# Just To Get Huge!



## GetSwullll (Jun 6, 2007)

Just wonderen some good routines to really get some size on. I'm a personal trainer so I have around 5 years of experience but not so much in size. Here's what im doing now but I wanted to know what will really just add some size to me for now.

4 Sets of 3-5 on first big exercise per body part
3 sets of 6 reps on everything else with random drop sets and failure sets to help tear down the muscle.

All advice welcome.


----------



## needsomeinfo (Jun 8, 2007)

That is too much volume for consistent hypertrophy. 

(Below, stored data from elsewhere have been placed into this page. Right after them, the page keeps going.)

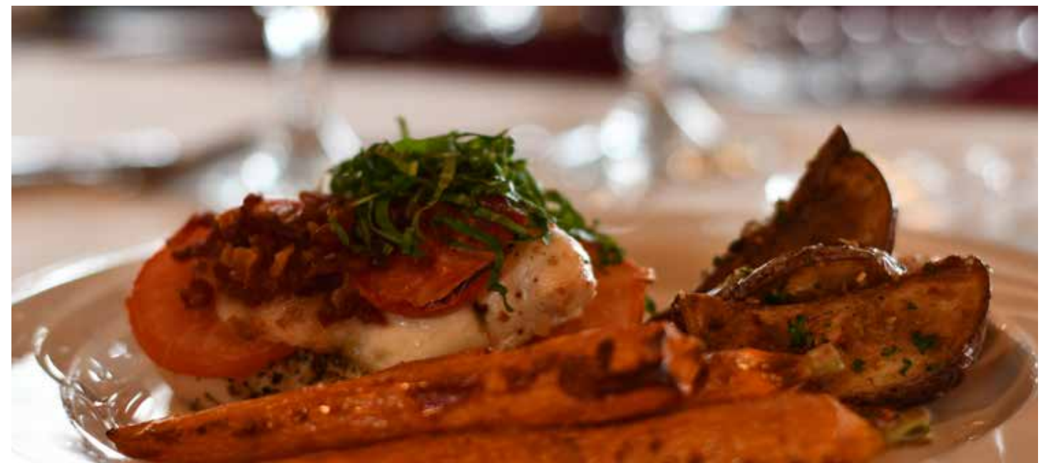
Prosciutto Caprese Chicken with Hot Honey Glazed Carrots and Roasted Red Skin Potato Wedges

USDA Prime Black Angus, 8 ounce filet mignon, hand cut from the tenderloin and aged a minimum of 30 days to enhance flavor then marinated in fresh rosemary, garlic, and Worcestershire sauce. The Filet Mignon is then grilled on cast iron and cooked medium; served with our home made decadent demi-glace sauce.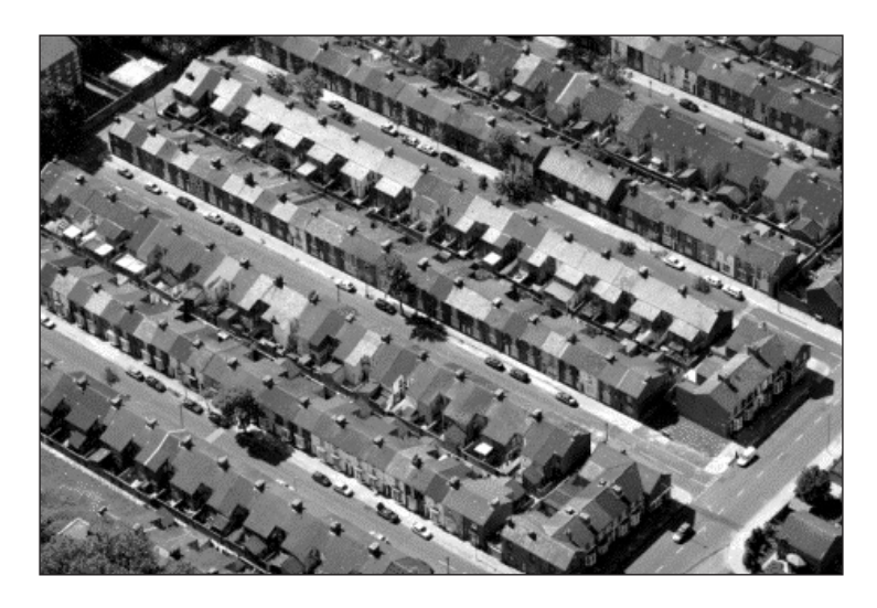
Fig. 4. Aerial View of part of the Welsh Streets Area, Liverpool

architect Richard Owens and constructed by Welsh builders (Carr, 2014) (Fig. 4). The area also contains the house in which the Beatles drummer Richard Starkey (Ringo Starr) was born in Madryn Street which is a stopping point for many tourist tours (Fig. 5).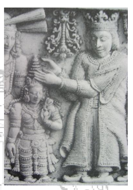
Figure5. Prince Dharmapala was crowned as a Portuguese King. Ivory Casket inv.no1241, rear view bottom right, At Munich treasury, Germany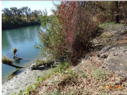
View of a large scarp on the waterside berm. Fall 2020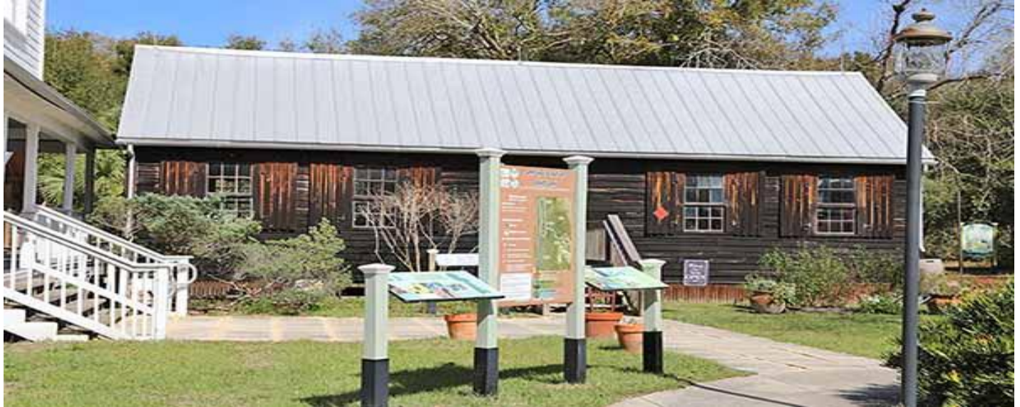
The Original Sams House Cabin

The oldest standing historic home in Brevard County (other than the lighthouse) is Sams House at Pine Island (Merritt Island), also a member of the Museums of Brevard. Open Tuesday through Sunday, 9:00 AM to 5:00 PM. Admission is free. Park Location: 6195 N. Tropical Trail, Merritt Island, FL 32953.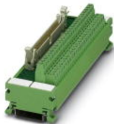
VARIOFACE module, with screw connection and flat-ribbon cable connector, for assembly on NS 35/7.5, 20 positions

Please be informed that the data shown in this PDF Document is generated from our Online Catalog. Please find the complete data in the user's documentation. Our General Terms of Use for Downloads are valid ( http://phoenixcontact.com/download )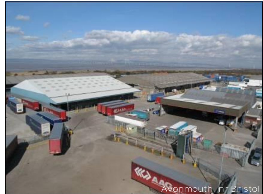
Avonmouth, nr Bristol

Total body workout no more than twice a week. There is a sticky in this forum somewhere.


----------



## oldfella (Aug 4, 2007)

One BP per day 5 days. So you can put good volume in to each muscle group and then let it rest and recover for a week and hit it again.


----------



## fleabag711 (Sep 4, 2007)

Even with a cycle of anadrol,deca and test blend.  Is this 4 real. I know it takes like 5 day's to recover or rebuild completely.. But It's just hard to believe that You only hit chest once in a 5 day period. Wow. I thought u could do it every other day for max gains??


----------



## oldfella (Sep 5, 2007)

Part of the key to serious growth is allowing the muscle to rest and recover. yes AAS will speed up this process, but let's not forget you would be getting some other training to chest when you hit tri's, shoulders, and legs.......yes that's right, you will use your chest and just about every other muscle in the body when training legs properly. The squat will engage every major muscle group you own. This also applies to all the other groups in the body. So once a week, with the right volume and intensity will result in some excellent gains and will not put you in an overtrained state. I have trained this way for many years and still make good gains with it. I use a high volume approach and train heavy!


----------



## GetSwullll (Sep 8, 2007)

I know it's different for everyone. But, if im looking to get just size, what type of reps and sets do i do? Lots of supersets, etc....?


----------



## ASHOP (Dec 12, 2007)

GetSwullll said:
			
		

> Just wonderen some good routines to really get some size on. I'm a personal trainer so I have around 5 years of experience but not so much in size. Here's what im doing now but I wanted to know what will really just add some size to me for now.
> 
> 4 Sets of 3-5 on first big exercise per body part
> 3 sets of 6 reps on everything else with random drop sets and failure sets to help tear down the muscle.
> ...




do some research (google) on DC STYLE training (DOGGCRAPP) Maybe even look into HIT training.


----------